- [DATASET EXCERPT]
::::::::
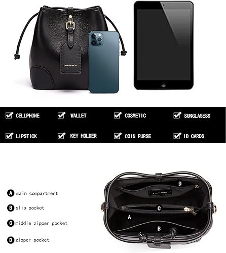 Home Accessories DORIS&JACKY 真皮水桶斜挎钱包小号设计师抽绳单单单肩包女式
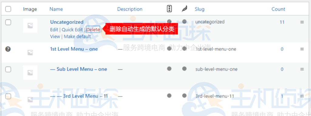 点击其中的Delete(删除)设置项,将WooCommerce自动生成的Uncategorized(未分类)删除掉了。
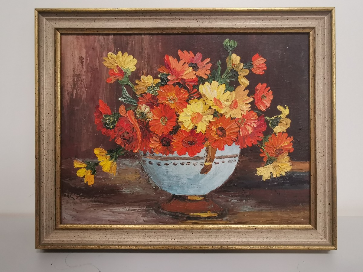 Maleri med motiv af buket. Olie på plade. Usigneret. Mål: 33 x 41 cm. Papir på bagside med flænge.
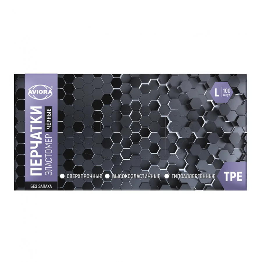 Перчатки из эластомера, черные, L, 100 шт./уп
::::::::
- [TASK TO COMPLETE]
Images are to be skipped, and each line above is to be returned exactly.

- [EXPECTED ANSWER]
 Home Accessories DORIS&JACKY 真皮水桶斜挎钱包小号设计师抽绳单单单肩包女式
 点击其中的Delete(删除)设置项,将WooCommerce自动生成的Uncategorized(未分类)删除掉了。
 Maleri med motiv af buket. Olie på plade. Usigneret. Mål: 33 x 41 cm. Papir på bagside med flænge.
 Перчатки из эластомера, черные, L, 100 шт./уп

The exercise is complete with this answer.